Recent advances have seen a surge in deep reinforcement learning algorithms for manipulation tasks [Reference Johns10–Reference Zorina, Carpentier, Sivic and Petrík12] with easy data gain, highlighting their potential for teaching robots tool-based tasks. In imitation learning, there has been progress, with supervised training using human-teleoperated demonstrations [Reference Zhang, McCarthy, Jow, Lee, Chen, Goldberg and Abbeel13] or hand-manipulated trajectories [Reference Johns10]. The research in ref. [Reference Zorina, Carpentier, Sivic and Petrík12] introduces a robot tool manipulation strategy using human manipulation videos. They create a simulation environment aligned with the guidance video and calculate robot states with guided policy samples and trajectory optimization. Although effective, this approach involves solving optimization problems for each aligned environment, which consumes considerable time and computing resources.

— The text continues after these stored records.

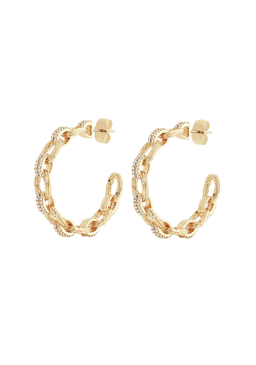Perfectly sized for everyday wear, the Enchanted Forest Chain Hoop Earrings combine crystals with 18K gold plated brass for a look that is both graceful and modern. The signature Enchanted Forest earrings, now designed in delicate hoop, shine and sparkle with every movement, evoking a sense of timeless glamour.
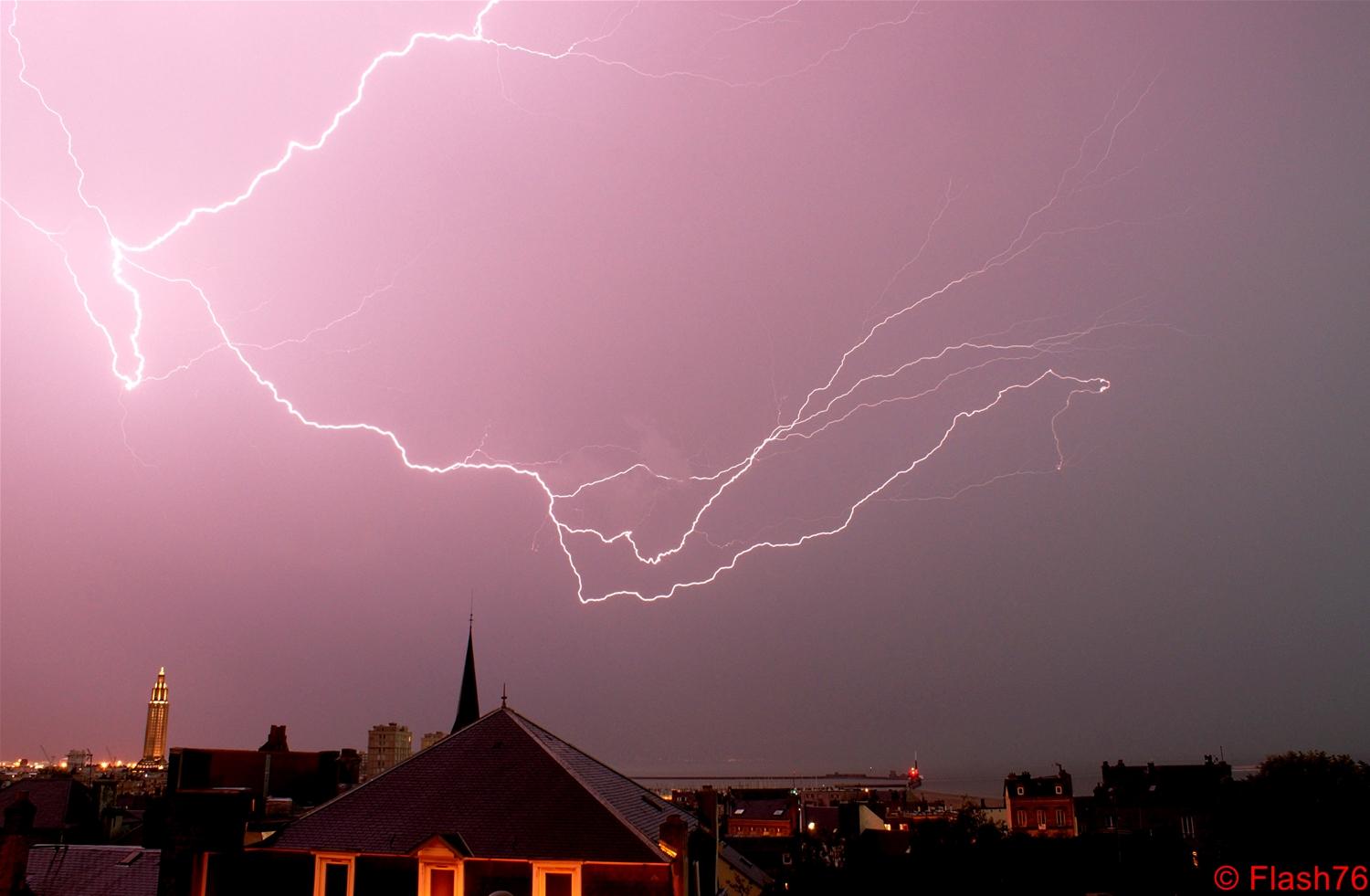 En journée, le ciel s'est voilé dans une atmosphère irrespirable, et en soirée, vers 21h30, une évolution orageuse s'observe, comme prévu, près du Havre.
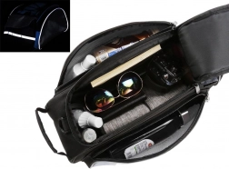 Odsevni trakovi za večjo varnost in dodaten trak za nošenje čez ramo.
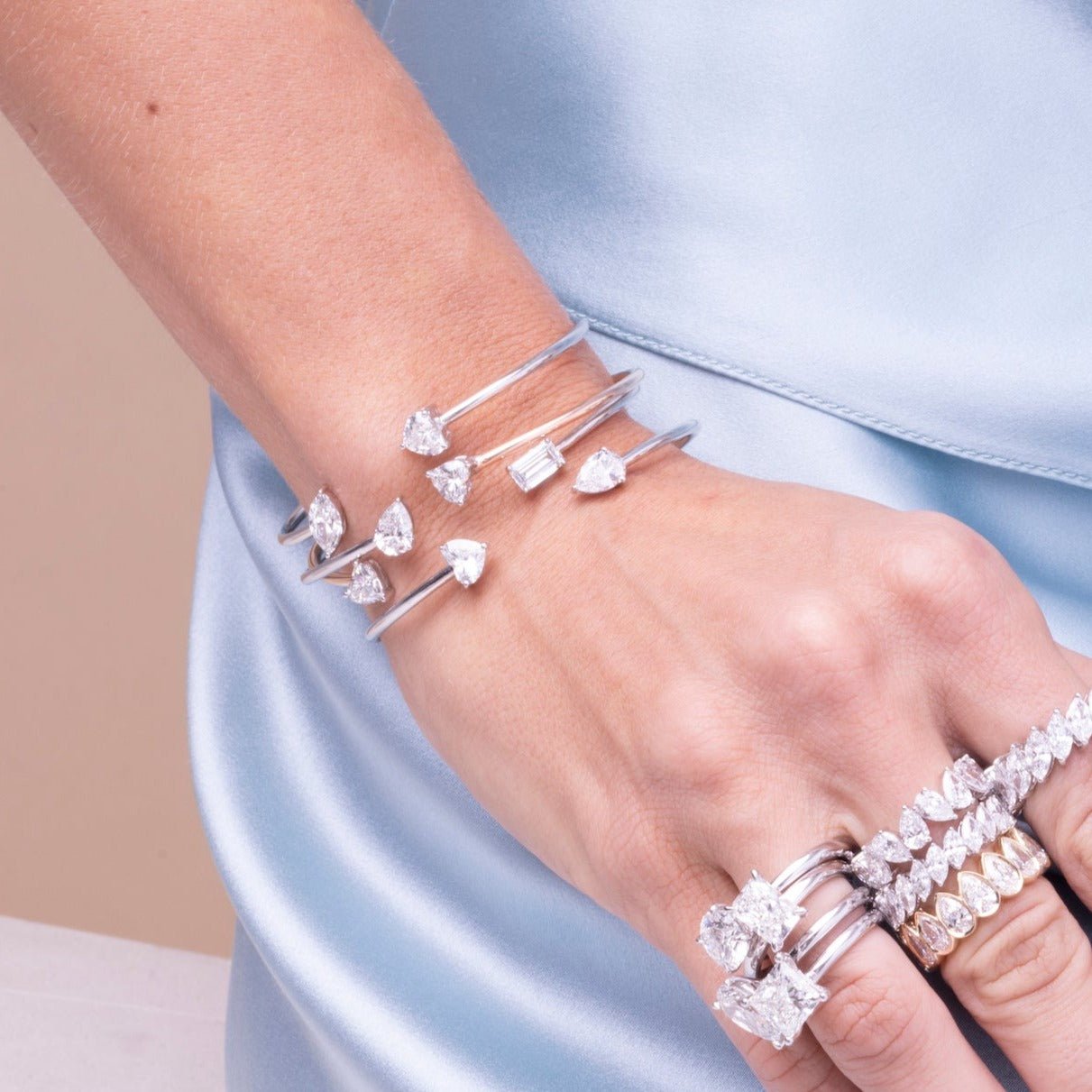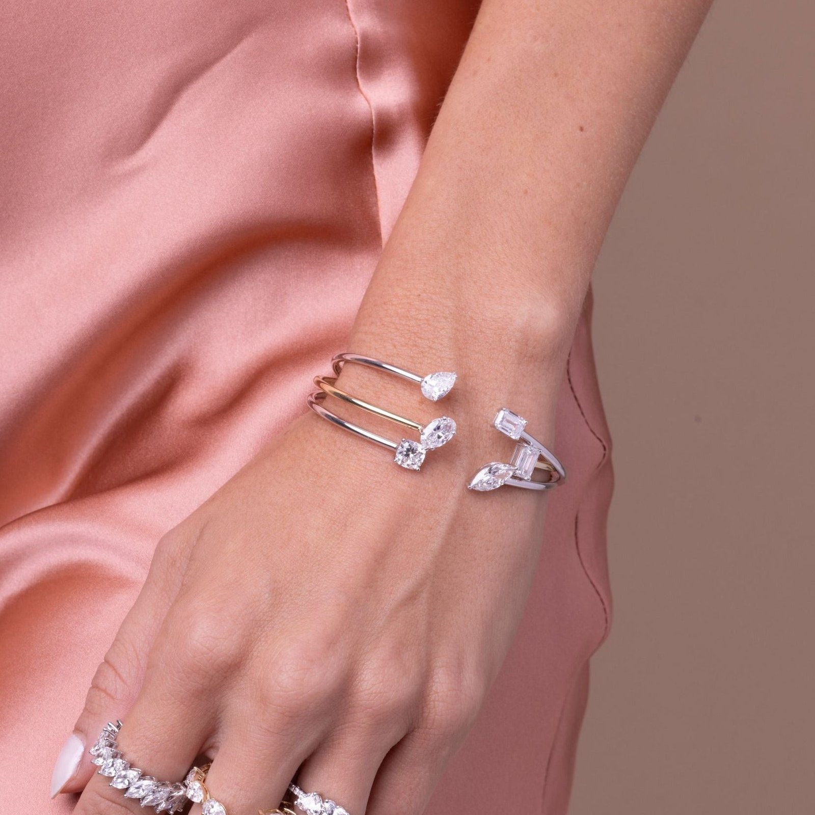 18k Gold Moissanite Diamond Double Pear Bangle
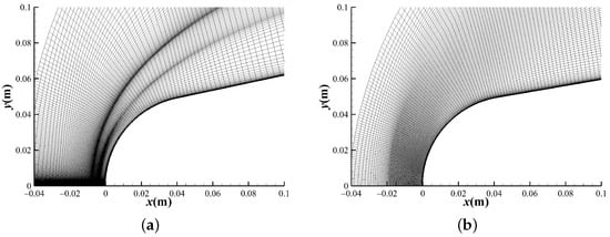 Due to the different chemical kinetic models used, the flow fields of the cases of Group A and Group B are also different, especially the position of the detached bow shock. For accurate simulation of each case, mesh A and mesh B are used for the simulation of Group A and Group B, respectively; the meshes of their head regions are shown in Figure 9. In order to accurately calculate the surface heat flux, the grid height in the direction of near the wall is set to m for both meshes. Mesh A densifies the mesh at the two positions where the bow shock wave appears, the grid height in the direction of near the shock wave is set to m, and it has 300 points in the direction of and 150 points in the direction of ; mesh B densifies the mesh within the range (∼0 m) where the bow shock wave may appear, the grid height in the direction of in this area is set to m, and it has 200 points in the direction of and 145 points in the direction of .
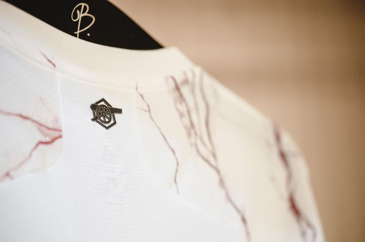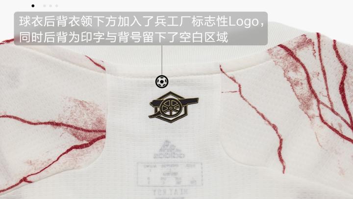 白色上衣使用了非常独特的纹理设计,营造出与众不同的视觉效果,而这款图案设计灵感,源自海布里东看台以及其久负盛名的大理石大厅的图案和色彩,俱乐部传奇人物赫伯特·查普曼的雕塑也安放在这样的大理石基座之上,而且06年主场迁往酋长球场之后,海布里东看台的立面也一直保留下来,永远地铭记着阿森纳的传奇故事。所以现在再看球衣上的图案,是不是更有意义?不会再说像“血染球衣”了吧!
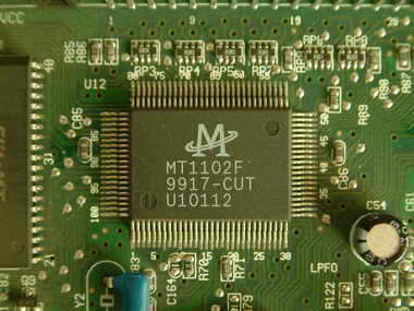 再来看看光驱的大脑──数据处理芯片,如图3。目前市场上九成以上的光驱产品都是使用MITSUMI公司生产的处理芯片。其中一部分是使用单芯片的形式,而这台SONY光驱采用的是双芯片的设计,即有两片MITSUMI处理芯片。
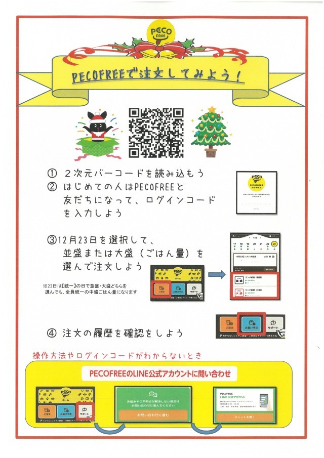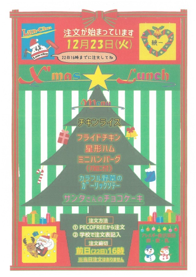 令和7年12月23日(火)は「クリスマスランチ」となっています。
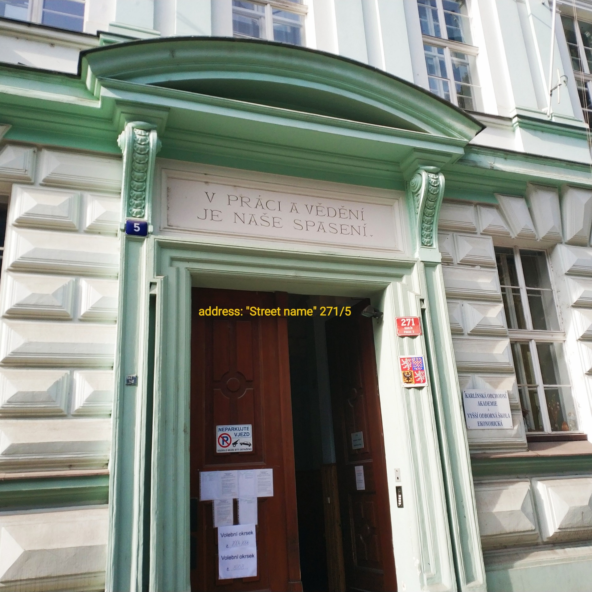 Address consists of the street of square name and two numbers. For example: Kollarova 271/5.
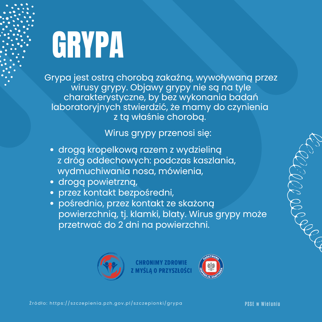 Do zakażenia grypą najczęściej dochodzi drogą kropelkową, czyli przez kontakt z wydzielinami osoby chorej podczas kaszlu, kichania lub mówienia, a także przez bezpośredni kontakt z zakażonymi powierzchniami. W Polsce sezon epidemiczny grypy trwa zwykle od października do maja, ze szczytem zachorowań pomiędzy styczniem a marcem. Osoba zakażona może transmitować wirusa grypy zanim jeszcze pojawią się objawy choroby:
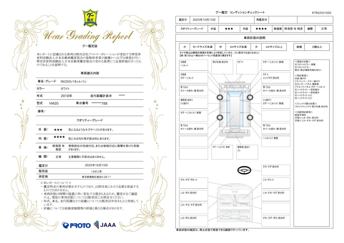 車両状態評価書 | ※クリックすると開きます![]() |
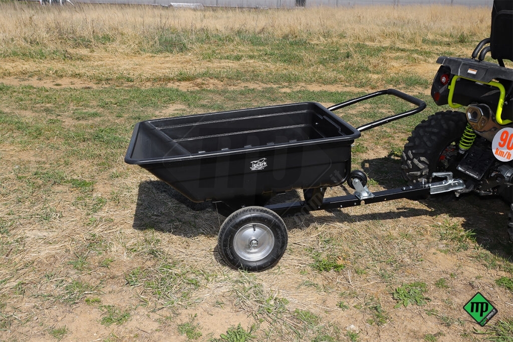 Due carrelli in uno: rimorchio multiuso da trainare dietro l’ATV può essere facilmente trasformato in carriola da giardino, capacità di carico 150 kg, vasca ribaltabile, terza ruota su timone pieghevole, vasca in polietilene resistente, robusto telaio interamente in acciaio, polvere finitura a cappotto
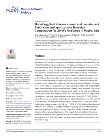 Modelling plant disease spread and containment: simulation and approximate Bayesian computation for Xylella fastidiosa in Puglia, Italy.
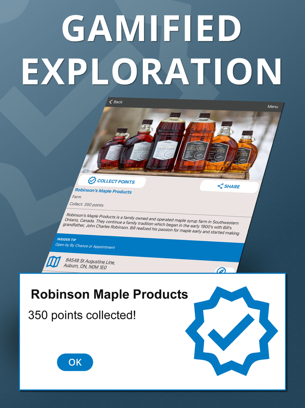By visiting featured locations, you can collect points that will enter you into a monthly draw for a gift certificate to one of the many fine local food experiences Ontario's West Coast has to offer. Use the mobile app to discover and savour the many tastes of Huron County, and with each visit, you will improve your odds in winning the monthly prize.
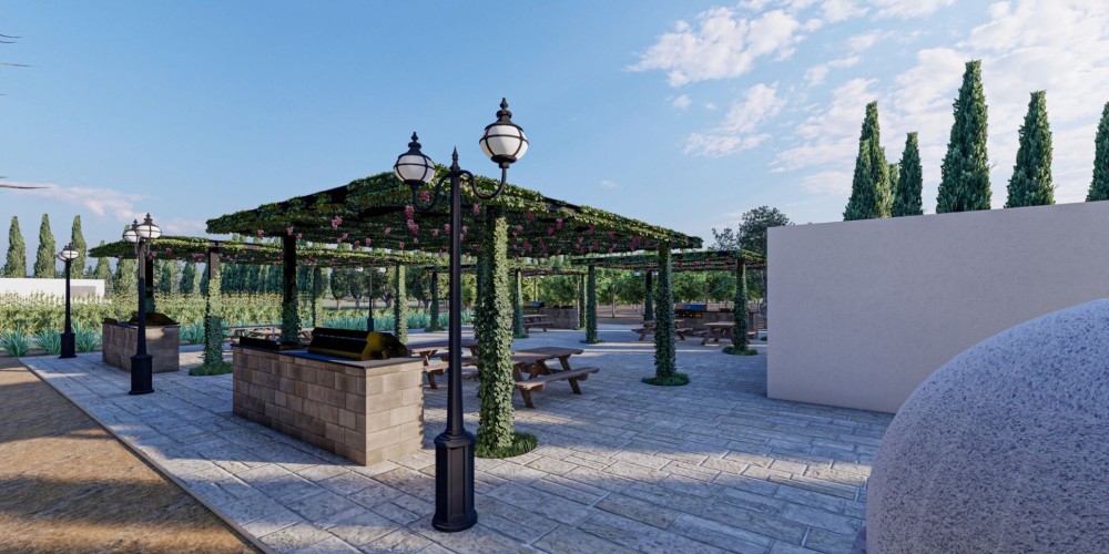 Каждая вилла дополнена приватными ландшафтными садами, бассейном с наружным душем и внешними элементами, такими как отдельная котельная, уличная кухонная стойка или бар и пергола. Крытая веранда объединяет внутренние и внешние пространства, создавая плавный переход для отдыха и приёма гостей. Проект расположен рядом с общественной зелёной зоной, что усиливает ощущение природного окружения и спокойствия.
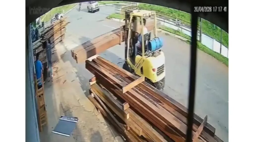 Imagens de câmeras de segurança mostram o momento em que a moto atinge o material que era levado pela empilhadeira, que trafegava em sentido contrário em uma rua de mão única. Com o impacto, o motociclista bateu a cabeça e foi lançado vários metros à frente. Socorristas foram chamados, mas ele não resistiu aos ferimentos e morreu no local.
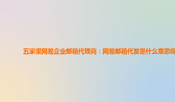 五家渠网易企业邮箱代理商:解析网易邮箱代发的含义与优势 什么是网易企业邮箱代发 在现代化的信息时代,电子邮件成为了人们日常工作中不可或缺的重要工具。而在众多邮箱服务商中,网易企业邮箱因其稳定、安全和便...
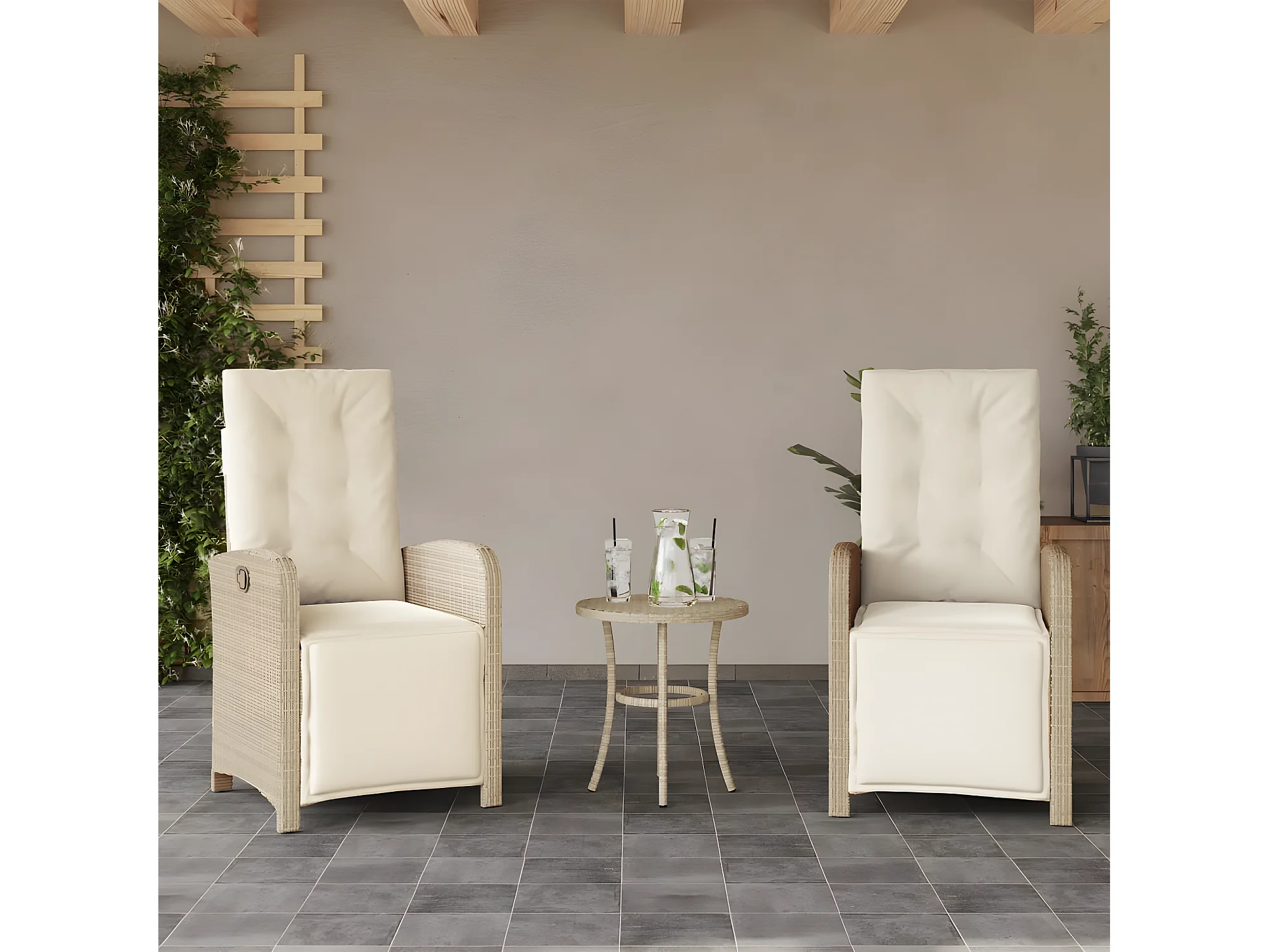 Ensemble de bistro 3 pcs avec coussins beige résine tressée GFDF24776

In order to teach a robot to learn human manipulation skills in a more natural and intuitive way, we combine adversarial motion priors (AMP) within a reinforcement learning problem. AMP [Reference Peng, Ma, Abbeel, Levine and Kanazawa14] is a cutting-edge approach first appearing in computer graphics, it uses an adversarial network to learn a “style” with a reference motion dataset. The reward function involves a style reward that encourages the agent to replicate similar trajectories to those in the dataset and a task reward that assesses whether the agent achieves the task while mimicking the motion style. We also adapt style and task rewards to teach a robot arm human-like tool manipulation skills using demonstration video clips. Our approach involves competitive training between a policy network and an adversarial network. The policy network is trained using both task-specific and adversarial rewards to generate a policy that accomplishes the task with human style. The adversarial network acts as a discriminator, determining the origin of state transitions and providing a reward that effectively motivates the training of an agent. Due to the use of AMP in guiding the robot to learn human-like manipulation skills, we name the method HMAMP. The contribution of our work is that:
-
• We introduce an implementation of task-oriented reinforcement learning combined with style in manipulation domain and evaluate its performance on the task hammering.
-
• We provide an idea where the training data is easily acquired to learn a robot tool manipulating policy in human style.
-
• We construct an environment of tool manipulation in simulation and verify that the HMAMP is also useful in the real world.
2. Related work
2.1. Manipulation of tools
Tools use has been a fundamental issue in cognitive science studies that seeks to comprehend the nature of intelligence [Reference Sanz, Call and Boesch15–Reference Van Lawick-Goodall17]. To enable robots to perform complex tasks that require the use of tools, many advanced studies have focused on recognizing affordance-specific features on tool objects [Reference Chen, Liang, Chen, Sun and Zhang18,Reference Xu, Chu, Tang, Liu and Vela19], which describes the potential physical interaction between object and manipulator and associates the regional part to planned sequential actions. These approaches have been successful in equipping robots with the capability to understand how objects may serve different purposes. In addition to recognizing the features of tool objects, learning, and planning are essential components in the manipulation of tools, as demonstrated in various studies [Reference Qin, Fang, Zhu, Fei-Fei and Savarese4,Reference Turpin, Wang, Tsogkas, Dickinson and Garg6,Reference Murali, Liu, Marino, Chernova and Gupta20]. Researchers have also explored methods of incorporating real-time feedback and environmental factors to improve the accuracy and precision of tool grasping [Reference Al-Shanoon and Lang21,Reference Ribeiro, de Queiroz Mendes and Grassi22]. Some studies aim to identify suitable tools for a certain task, they learn an embedding knowledge by DNN model between grasping tool, desired action, and target goal [Reference Saito, Ogata, Funabashi, Mori and Sugano23,Reference Sun and Gao24].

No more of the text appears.